• Data:
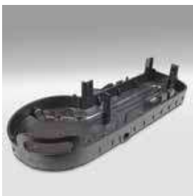
Redesigned composite drain pan is stronger with beefed-up drain threads to resist cracking

The optional Turbo sound cover provides up to 50% further noise reduction. This compact, easy-to-install sound cover completely encases the compressor to provide a 3- to 5-dB reduction in noise. Available for all Turbo models, the sound cover installs in minutes. Mounting hardware is included.
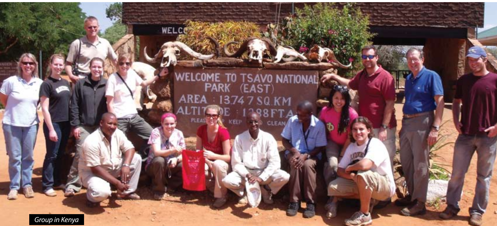
Group in Kenya

There were 79 WKU students who studied abroad in Winter Term. Students went on trips to Australia, England, France, Belize, Kenya, and the Bahamas.
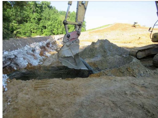
Began of construction of a second trench
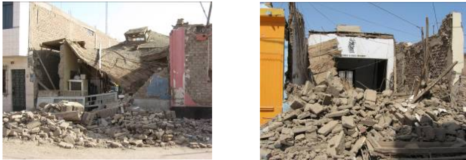
Fig. 1 Adobe dwellings destroyed during Pisco earthquake
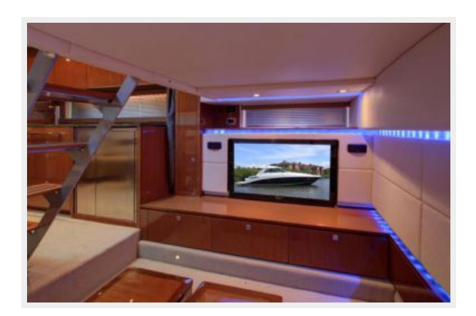
Mid Stateroom / Media Room TV To Starboard
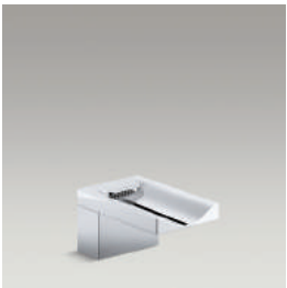
Single-handle bathroom sink faucet 99856-4
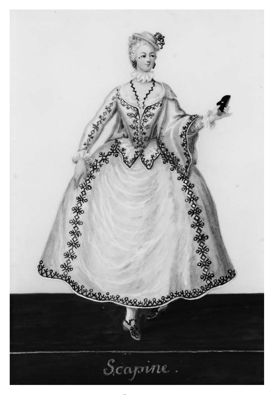
Fig. 9. Scapine (Collezione del Castello di Český Krumlov).
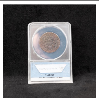
3627 US 1803 | Cent Anacs VF20 SM Date LG Fraction $300 / $400
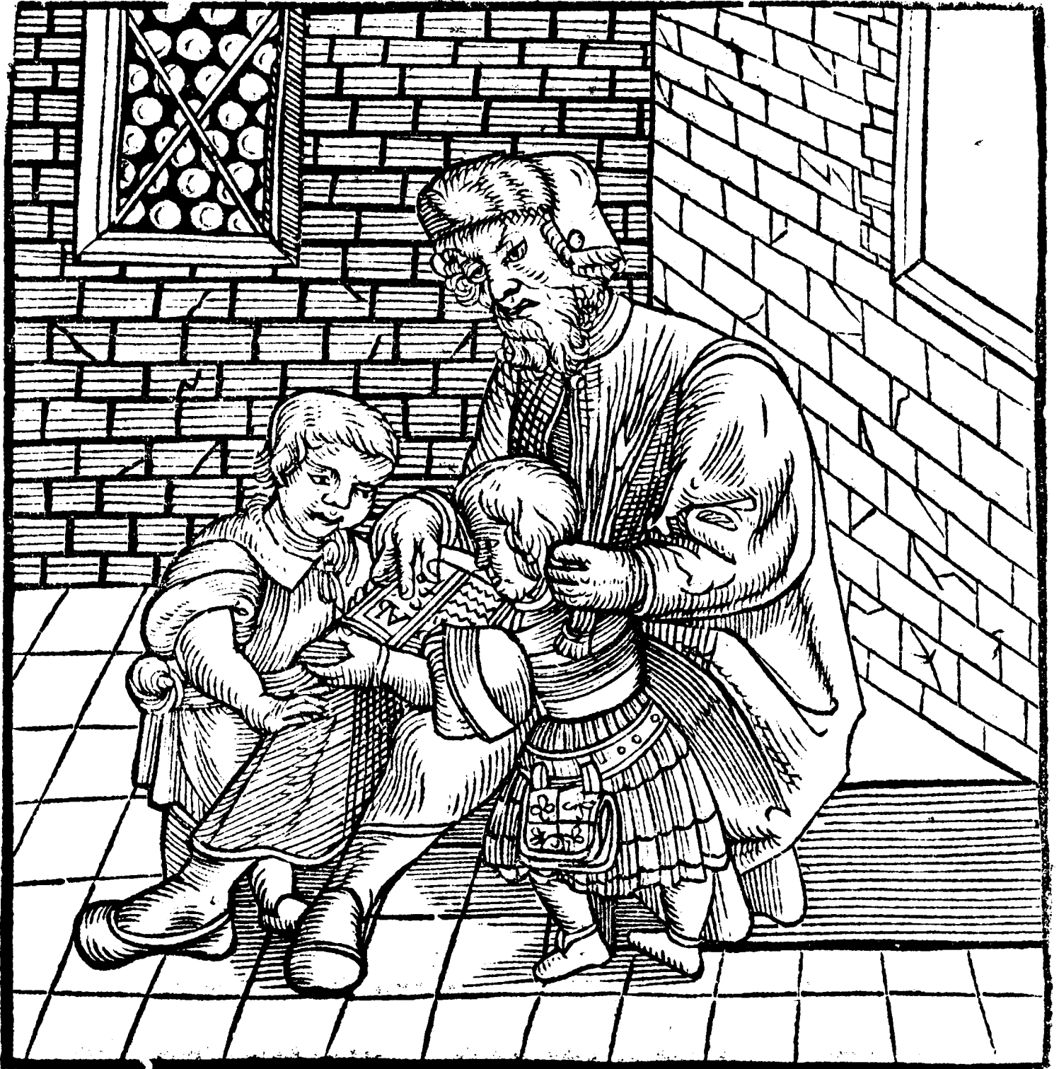
Woodcut of teacher reading with students. From Iudicium ... Philippi Melanthonis, De more depositionis, quo fine sit institutus . Philipp Melancthon. 16th Century. Case Wing Broadside ZC 93.565.

For more coloring pages, visit ColorOurCollections.org

• Your goal: Output the records above as they stand, from the first line to the line with "Group in Kenya", inclusive, and exclude the pictures.

• Response box:
Redesigned composite drain pan is stronger with beefed-up drain threads to resist cracking

The optional Turbo sound cover provides up to 50% further noise reduction. This compact, easy-to-install sound cover completely encases the compressor to provide a 3- to 5-dB reduction in noise. Available for all Turbo models, the sound cover installs in minutes. Mounting hardware is included.
Group in Kenya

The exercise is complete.